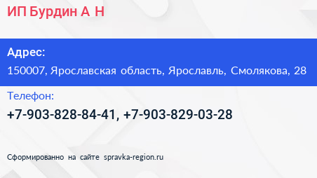 ИП Бурдин А.Н. по адресу 150007, Ярославская область, Ярославль, Смолякова, 28 в дальнейшем Организация, размещена в следующих категориях:
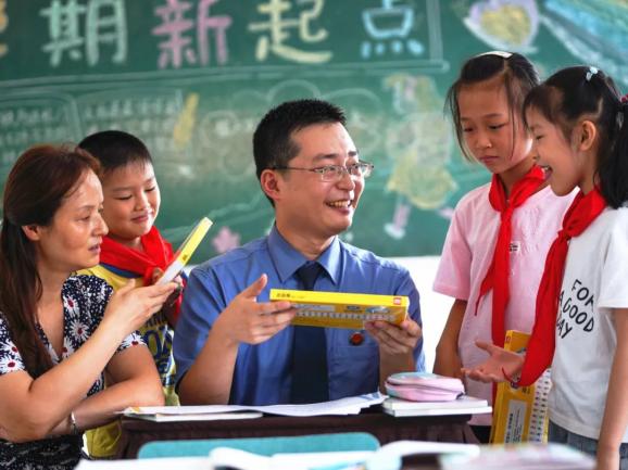 四川省绵竹市检察院检察官、石河村小学法治副校长宋振东为学生送上“开学第一课”。(资料图片)
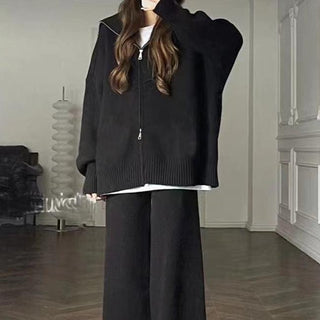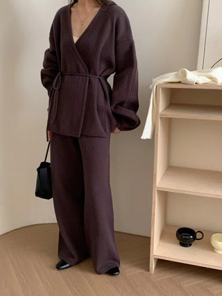 3-Piece Sport Wrap Lounge Set with Long Sleeve Crop Top, Halter Tank, and Wide-Leg Pants

= = = =

» Task prompt
Pictures excluded, quote all the data above exactly.

» Task answer
 ИП Бурдин А.Н. по адресу 150007, Ярославская область, Ярославль, Смолякова, 28 в дальнейшем Организация, размещена в следующих категориях:
 四川省绵竹市检察院检察官、石河村小学法治副校长宋振东为学生送上“开学第一课”。(资料图片)
 3-Piece Sport Wrap Lounge Set with Long Sleeve Crop Top, Halter Tank, and Wide-Leg Pants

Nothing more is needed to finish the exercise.